Task to complete:
Retype word for word the lines of the data below, from the first to the one bearing "Robin Scherbatsky, in", with that one included.

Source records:
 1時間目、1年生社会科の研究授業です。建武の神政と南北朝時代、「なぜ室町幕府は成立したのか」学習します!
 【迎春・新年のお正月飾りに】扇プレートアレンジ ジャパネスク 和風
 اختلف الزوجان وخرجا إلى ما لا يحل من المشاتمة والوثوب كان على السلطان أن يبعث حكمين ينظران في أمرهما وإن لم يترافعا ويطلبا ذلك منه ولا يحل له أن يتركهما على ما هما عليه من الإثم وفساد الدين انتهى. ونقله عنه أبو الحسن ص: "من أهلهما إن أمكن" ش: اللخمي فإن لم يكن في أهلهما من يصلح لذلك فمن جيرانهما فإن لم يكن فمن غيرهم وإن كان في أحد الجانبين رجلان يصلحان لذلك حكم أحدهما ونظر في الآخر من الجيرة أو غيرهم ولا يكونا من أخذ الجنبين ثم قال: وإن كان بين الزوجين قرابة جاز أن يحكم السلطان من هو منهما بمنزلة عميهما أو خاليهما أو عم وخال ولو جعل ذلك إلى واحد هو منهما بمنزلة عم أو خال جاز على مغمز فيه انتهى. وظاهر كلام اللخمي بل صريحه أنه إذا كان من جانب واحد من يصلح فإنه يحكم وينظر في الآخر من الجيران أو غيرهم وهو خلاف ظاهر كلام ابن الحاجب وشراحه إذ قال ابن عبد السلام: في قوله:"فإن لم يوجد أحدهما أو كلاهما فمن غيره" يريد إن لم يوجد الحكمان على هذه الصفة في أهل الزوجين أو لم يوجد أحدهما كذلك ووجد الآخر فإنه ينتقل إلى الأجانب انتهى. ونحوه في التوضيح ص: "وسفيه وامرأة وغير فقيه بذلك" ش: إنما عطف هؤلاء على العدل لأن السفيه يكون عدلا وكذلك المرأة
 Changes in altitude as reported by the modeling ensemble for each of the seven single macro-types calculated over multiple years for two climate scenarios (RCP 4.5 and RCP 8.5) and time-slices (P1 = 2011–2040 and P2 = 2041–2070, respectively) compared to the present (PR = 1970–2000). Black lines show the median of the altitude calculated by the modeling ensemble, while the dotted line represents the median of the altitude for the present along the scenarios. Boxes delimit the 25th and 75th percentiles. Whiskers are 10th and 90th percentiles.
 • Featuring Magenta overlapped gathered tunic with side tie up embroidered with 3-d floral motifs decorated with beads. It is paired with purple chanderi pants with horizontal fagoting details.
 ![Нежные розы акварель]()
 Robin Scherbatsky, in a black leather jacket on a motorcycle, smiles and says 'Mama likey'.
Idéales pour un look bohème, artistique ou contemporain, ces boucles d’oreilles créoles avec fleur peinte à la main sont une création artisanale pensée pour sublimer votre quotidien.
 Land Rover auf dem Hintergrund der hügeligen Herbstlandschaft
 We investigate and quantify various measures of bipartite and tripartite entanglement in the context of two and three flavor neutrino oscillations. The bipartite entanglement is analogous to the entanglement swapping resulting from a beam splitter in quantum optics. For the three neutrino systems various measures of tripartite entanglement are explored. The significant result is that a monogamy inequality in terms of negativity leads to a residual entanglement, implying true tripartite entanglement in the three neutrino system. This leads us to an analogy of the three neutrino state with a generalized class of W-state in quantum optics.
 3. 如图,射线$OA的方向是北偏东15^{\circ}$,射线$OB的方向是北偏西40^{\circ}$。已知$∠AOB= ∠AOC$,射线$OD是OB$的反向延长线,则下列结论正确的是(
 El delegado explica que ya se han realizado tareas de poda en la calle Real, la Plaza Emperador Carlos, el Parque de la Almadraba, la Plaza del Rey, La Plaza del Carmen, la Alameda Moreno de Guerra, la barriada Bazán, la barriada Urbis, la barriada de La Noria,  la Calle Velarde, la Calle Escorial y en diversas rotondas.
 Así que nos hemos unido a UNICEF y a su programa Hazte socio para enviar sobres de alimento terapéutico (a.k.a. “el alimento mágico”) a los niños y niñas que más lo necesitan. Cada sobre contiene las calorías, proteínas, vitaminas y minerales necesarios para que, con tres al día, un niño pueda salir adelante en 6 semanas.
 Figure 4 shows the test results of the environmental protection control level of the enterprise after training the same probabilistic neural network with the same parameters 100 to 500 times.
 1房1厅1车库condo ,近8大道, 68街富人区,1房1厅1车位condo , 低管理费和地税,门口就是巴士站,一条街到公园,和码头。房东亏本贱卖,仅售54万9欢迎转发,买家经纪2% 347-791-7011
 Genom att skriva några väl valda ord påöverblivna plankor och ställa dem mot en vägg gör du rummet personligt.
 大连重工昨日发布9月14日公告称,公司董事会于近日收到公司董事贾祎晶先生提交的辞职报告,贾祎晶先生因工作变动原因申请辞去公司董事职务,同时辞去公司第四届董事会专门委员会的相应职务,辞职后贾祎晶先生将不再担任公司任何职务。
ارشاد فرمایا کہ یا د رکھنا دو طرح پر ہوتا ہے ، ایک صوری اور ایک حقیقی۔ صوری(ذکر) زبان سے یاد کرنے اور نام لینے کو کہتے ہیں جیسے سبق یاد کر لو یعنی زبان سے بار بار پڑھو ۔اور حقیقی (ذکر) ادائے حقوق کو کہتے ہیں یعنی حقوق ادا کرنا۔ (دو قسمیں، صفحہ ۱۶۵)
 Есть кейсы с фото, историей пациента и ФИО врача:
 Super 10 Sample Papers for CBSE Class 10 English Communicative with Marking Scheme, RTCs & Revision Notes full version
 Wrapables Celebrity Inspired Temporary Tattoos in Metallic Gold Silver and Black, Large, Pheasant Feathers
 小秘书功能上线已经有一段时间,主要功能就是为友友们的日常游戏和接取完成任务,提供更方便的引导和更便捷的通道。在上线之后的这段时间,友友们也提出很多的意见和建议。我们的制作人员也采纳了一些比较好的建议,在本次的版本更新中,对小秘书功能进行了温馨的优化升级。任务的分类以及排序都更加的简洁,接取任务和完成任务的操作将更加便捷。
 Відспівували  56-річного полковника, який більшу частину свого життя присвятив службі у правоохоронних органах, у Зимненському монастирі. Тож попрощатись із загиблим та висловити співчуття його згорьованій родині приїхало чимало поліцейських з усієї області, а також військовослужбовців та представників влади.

Solution:
 1時間目、1年生社会科の研究授業です。建武の神政と南北朝時代、「なぜ室町幕府は成立したのか」学習します!
 【迎春・新年のお正月飾りに】扇プレートアレンジ ジャパネスク 和風
 اختلف الزوجان وخرجا إلى ما لا يحل من المشاتمة والوثوب كان على السلطان أن يبعث حكمين ينظران في أمرهما وإن لم يترافعا ويطلبا ذلك منه ولا يحل له أن يتركهما على ما هما عليه من الإثم وفساد الدين انتهى. ونقله عنه أبو الحسن ص: "من أهلهما إن أمكن" ش: اللخمي فإن لم يكن في أهلهما من يصلح لذلك فمن جيرانهما فإن لم يكن فمن غيرهم وإن كان في أحد الجانبين رجلان يصلحان لذلك حكم أحدهما ونظر في الآخر من الجيرة أو غيرهم ولا يكونا من أخذ الجنبين ثم قال: وإن كان بين الزوجين قرابة جاز أن يحكم السلطان من هو منهما بمنزلة عميهما أو خاليهما أو عم وخال ولو جعل ذلك إلى واحد هو منهما بمنزلة عم أو خال جاز على مغمز فيه انتهى. وظاهر كلام اللخمي بل صريحه أنه إذا كان من جانب واحد من يصلح فإنه يحكم وينظر في الآخر من الجيران أو غيرهم وهو خلاف ظاهر كلام ابن الحاجب وشراحه إذ قال ابن عبد السلام: في قوله:"فإن لم يوجد أحدهما أو كلاهما فمن غيره" يريد إن لم يوجد الحكمان على هذه الصفة في أهل الزوجين أو لم يوجد أحدهما كذلك ووجد الآخر فإنه ينتقل إلى الأجانب انتهى. ونحوه في التوضيح ص: "وسفيه وامرأة وغير فقيه بذلك" ش: إنما عطف هؤلاء على العدل لأن السفيه يكون عدلا وكذلك المرأة
 Changes in altitude as reported by the modeling ensemble for each of the seven single macro-types calculated over multiple years for two climate scenarios (RCP 4.5 and RCP 8.5) and time-slices (P1 = 2011–2040 and P2 = 2041–2070, respectively) compared to the present (PR = 1970–2000). Black lines show the median of the altitude calculated by the modeling ensemble, while the dotted line represents the median of the altitude for the present along the scenarios. Boxes delimit the 25th and 75th percentiles. Whiskers are 10th and 90th percentiles.
 • Featuring Magenta overlapped gathered tunic with side tie up embroidered with 3-d floral motifs decorated with beads. It is paired with purple chanderi pants with horizontal fagoting details.
 ![Нежные розы акварель]()
 Robin Scherbatsky, in a black leather jacket on a motorcycle, smiles and says 'Mama likey'.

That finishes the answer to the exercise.